Pain

I miss S so much it really hurts. He is all loved up with someone else, they are moving in together shortly. I’ve finally deleted him off social media, every time I clicked his profile was emotional self-harm; it always made me feel worse. So now the temptation has been taken away, I can’t see it anymore even if I wanted to. (And if I’m completely honest I already tried!)

I know that’s a good thing to take that temptation away. I know that in general I’m doing pretty well. But somehow that doesn’t change the pain and the ache of losing him, missing him.

I feel like after 6 months I shouldn’t still feel like this. I know there’s no time limits to put on grief, I know that’s not how it works. But it feels like I should be ok by now, I should be moving forward.
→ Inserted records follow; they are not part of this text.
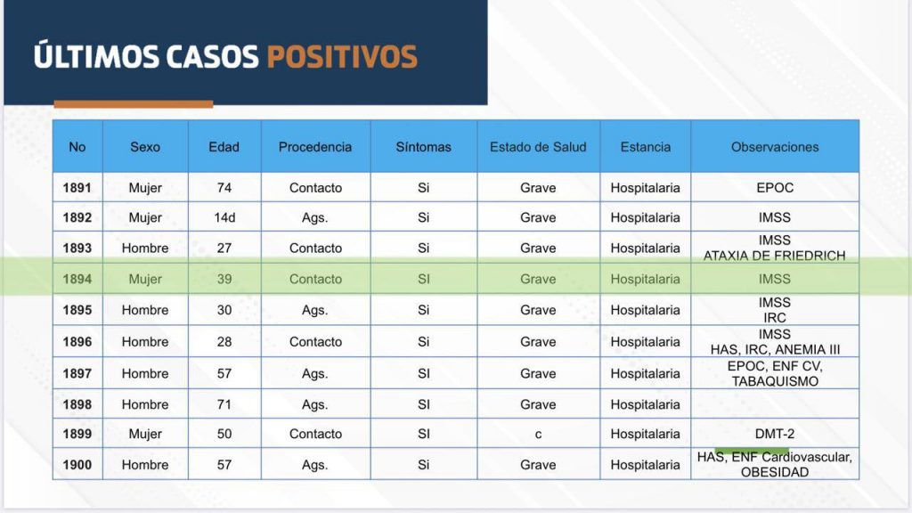 De las 6 nuevas muertes confirmadas en las últimas 24 horas, 4 de los pacientes estaban sanos antes de contraer COVID-19, es decir, no padecían de otro tipo de enfermedades, además de que se registró también el tercer caso de un paciente convaleciente por un mes. Los casos reportados fueron:
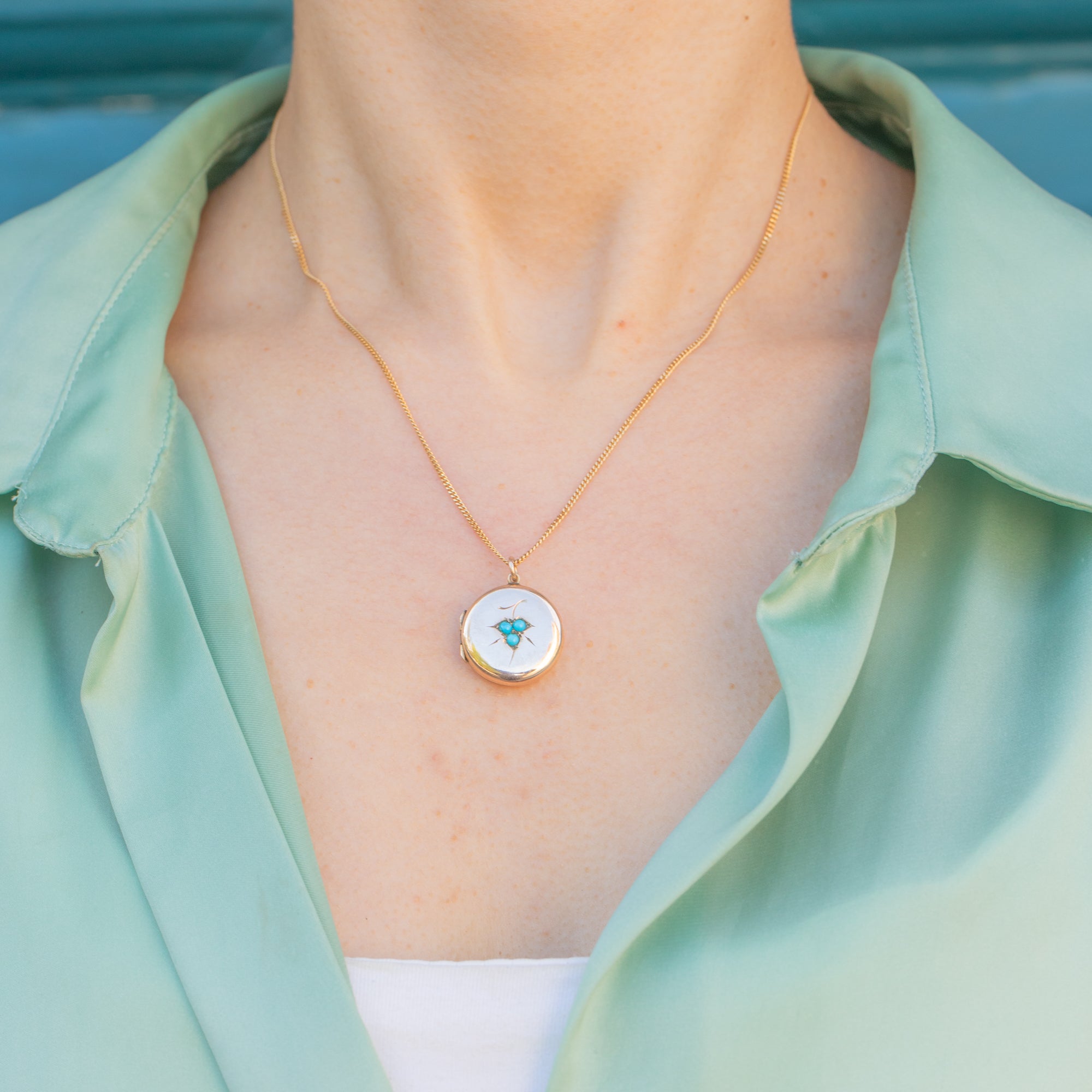 This antique 9ct Gold Turquoise ivy leaf locket is full of charm!
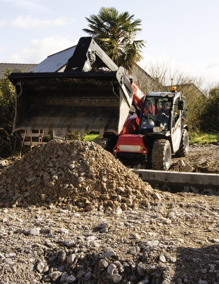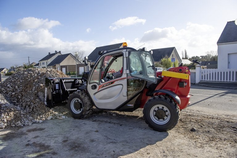 The MT 625 H telehandler is specially designed for building sites and renovation projects involving lower heights. Its compact dimensions - with a width of 1.8 m and under 2 m in height - mean you can easily pass under thresholds and navigate congested areas. Its 3.3 m turning radius and 3 steering modes available provide you with excellent maneuverability. Easy to use, this handler features an ergonomic instrument panel and JSM-equipped joystick to easily execute all machine funtions in one control. The MT 625 H has a lift capacity of 2.5 t, with a maximum lift height of 5.85 m. Its 75 hp engine reaches speeds of up to 25 km/h. Maintenance is made easy with the wide opening angle of the engine hood. The 90 l gear pump allows for simultaneous movement of the boom and telescope for increased productivity.
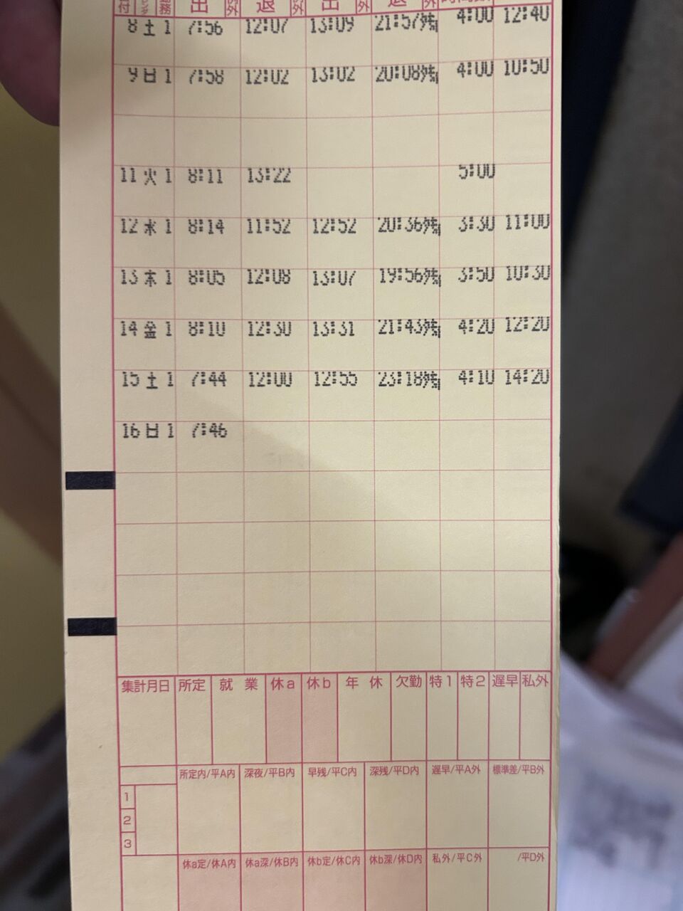 お昼休みにわざわざタイムカード切るんやな

I hate myself for missing him. I hate myself for not being the person he loves anymore. I can’t help but feel very lost, very lonely. I don’t want to be on my own but I can’t imagine feeling safe again, being able to trust someone. I thought after the ex, and all of that pain, I had found someone that was good for me, but then S left me too and now I’ve realised nothing at all in life is certain.

I know I’m upset about them moving in together and that’s what has brought up all this pain again. I want it to go away, I want to be ok. I want to be strong and happy and confident, but tonight I am in pain. I feel like a lost child and everything feels too much.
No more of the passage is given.